→ Data:

□ □ □ □ □

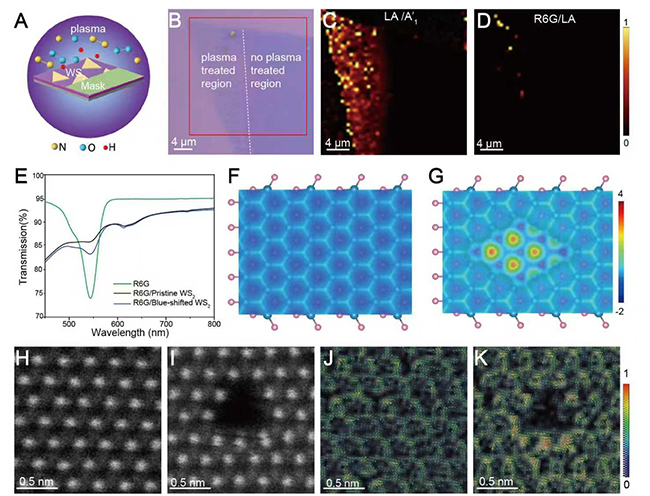 近日,清华大学深圳国际研究生院雷钰副教授团队开发了一种等离子体处理二维材料引入缺陷的通用方法,通过等离子体处理在单层二硫化钨(WS2)中引入纳米孔,显著增强分子吸附能力。同时,纳米孔浓度的变化引起了WS2的光致发光光谱从红移到蓝移的转变,蓝移WS2与待测分子形成更好的带隙匹配,极大地提高了电荷转移效率,实现更低浓度的分子检测。
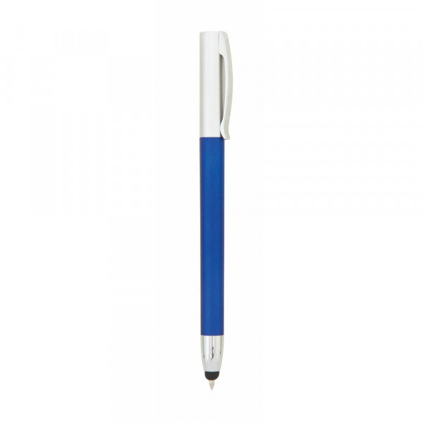Dreh-Kugelschreiber mit Stylus und schlichtem zweifarbigem Design mit Schaft aus weichem Gummi in Schwarz und Kontrastdetails in elegantem Silber. Mit Metall-Clip und blauer Tinte.
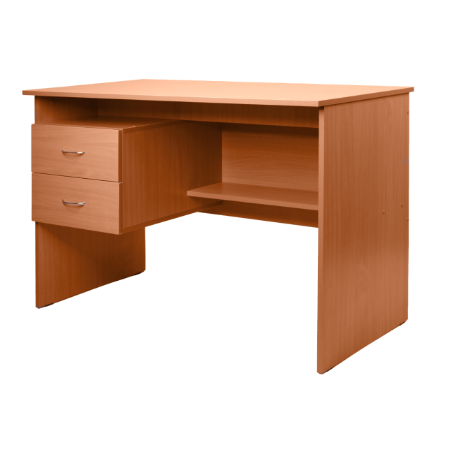 Описание Стол письменный изготовлен из ЛДСП толщиной 16 мм и оснащен подвесной тумбой с двумя ящиками.

□ □ □ □ □

→ Work to complete:
Working from the line that contains "Dreh-Kugelschreiber mit Stylus" to the last line of the listing, please quote each line exactly, pictures excluded.

→ Solution to the problem:
Dreh-Kugelschreiber mit Stylus und schlichtem zweifarbigem Design mit Schaft aus weichem Gummi in Schwarz und Kontrastdetails in elegantem Silber. Mit Metall-Clip und blauer Tinte.
 Описание Стол письменный изготовлен из ЛДСП толщиной 16 мм и оснащен подвесной тумбой с двумя ящиками.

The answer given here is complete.